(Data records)

────────────────────

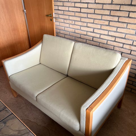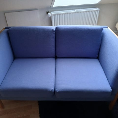 Sofa fra Stouby med plads til 2 personer. Sofaen har en ramme i bøgetræ og polstring i blåt uldstof. Designet med lige linjer og en åben ryg med trælameller.
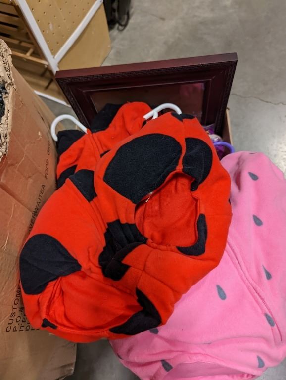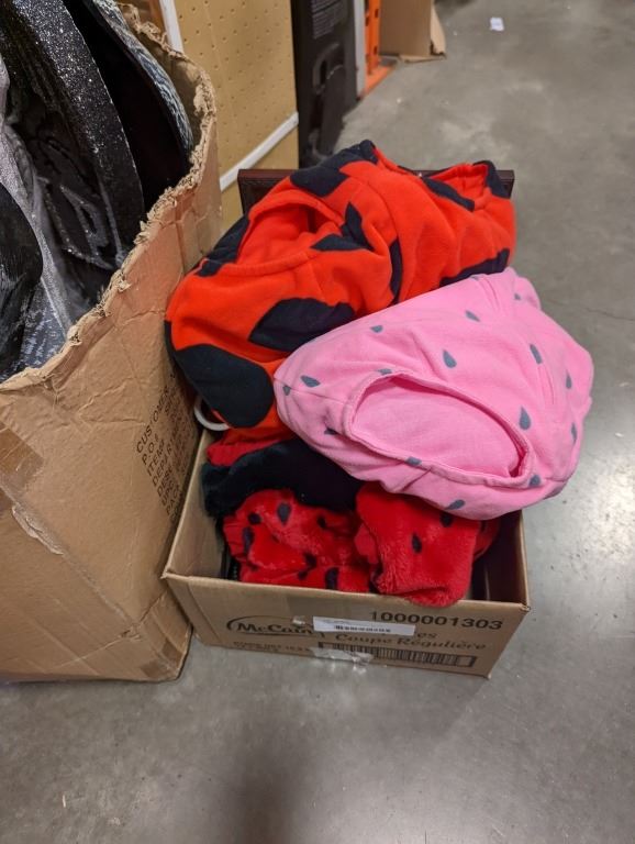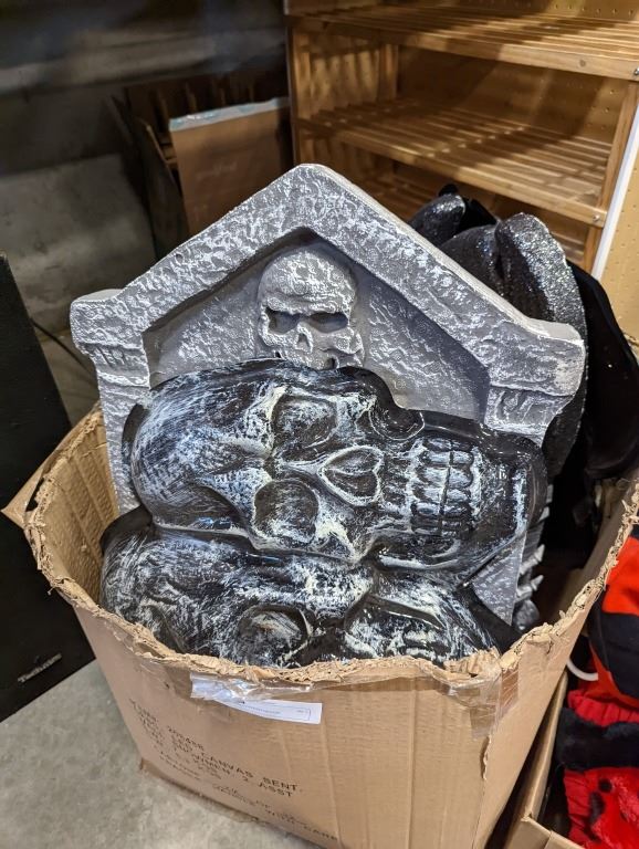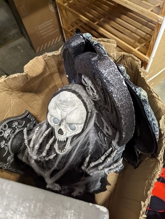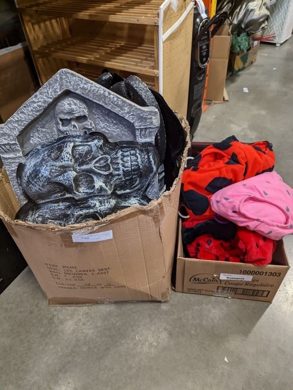 2 BOXES OF HALLOWEEN DECOR, COSTUMES AND LOOT BAGS
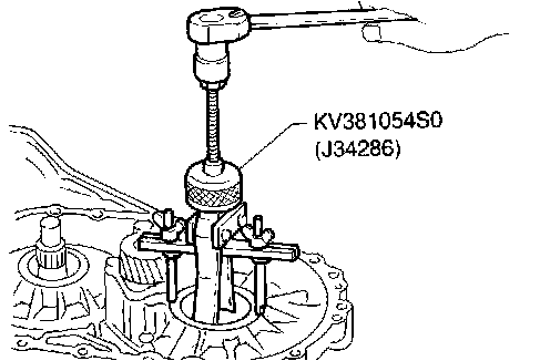 22. Remove differential side bearing outer race and side bearing adjusting shim from transmission case.
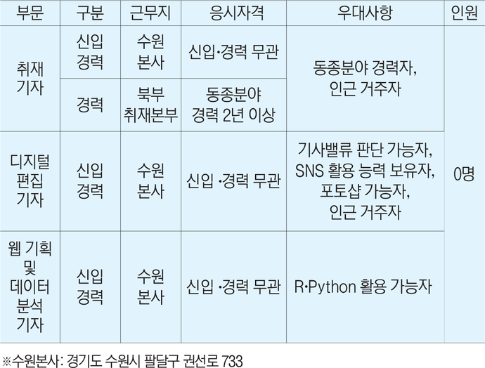 -웹기획 및 데이터 분석기자(수원본사/경력무관)
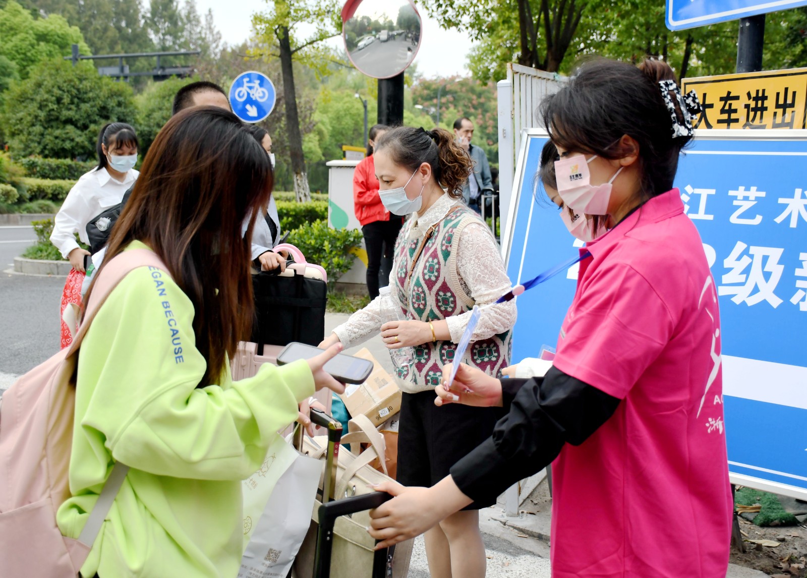 扫码测温、领取材料……一系列报到工作完成后,新生们正式开启浙艺之旅。来自义乌的公共文化定向专业新生朱含蕾,今年高考分数达到607分。她笑着说:“因为热爱艺术,对文化艺术有着浓厚的兴趣,之前学习过相关艺术门类,浙艺的专业很符合我的求学目标,希望在接下来的大学生活中学好专业课,积极参加社团活动,度过充实而有意义的三年。”
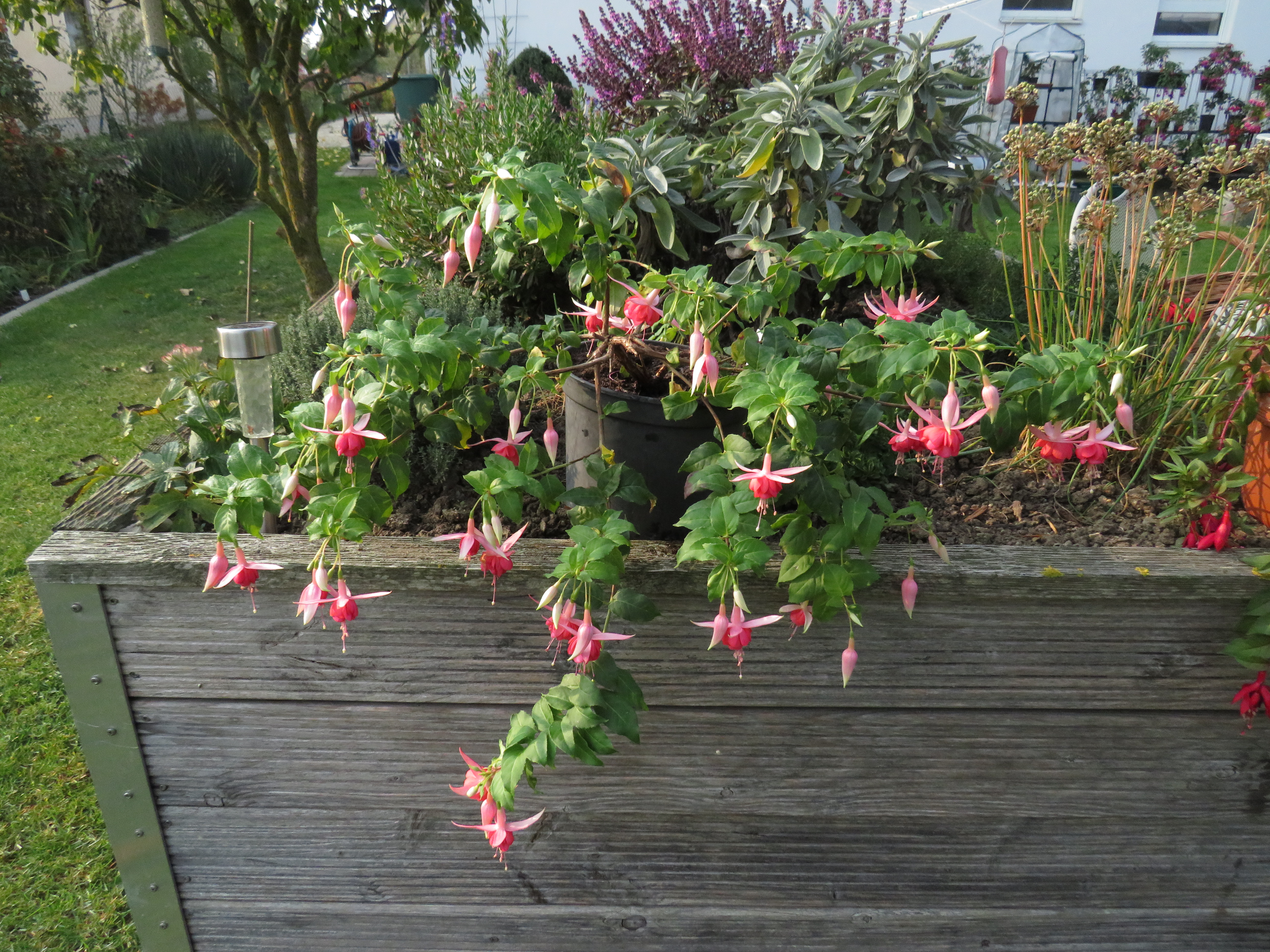 Diese reichblühende Fuchsie habe ich schon ein paar Jahre. Sie hat einfache, lange Blüten. Die Sepalen springen schön auf und manchmal krümmen sich die Knospen. Der Standort kann ruhig sonnig sein. Im letzten Jahr zeigte sie, bei Hitze und Sonne, wie gut sie sich auch dann noch entwickelt.

────────────────────

TASK INSTRUCTIONS: Only the lines from the beginning of the records through the line bearing "22. Remove differential" belong in the answer, copied word for word with pictures left out.

EXERCISE SOLUTION:
 Sofa fra Stouby med plads til 2 personer. Sofaen har en ramme i bøgetræ og polstring i blåt uldstof. Designet med lige linjer og en åben ryg med trælameller.
 2 BOXES OF HALLOWEEN DECOR, COSTUMES AND LOOT BAGS
 22. Remove differential side bearing outer race and side bearing adjusting shim from transmission case.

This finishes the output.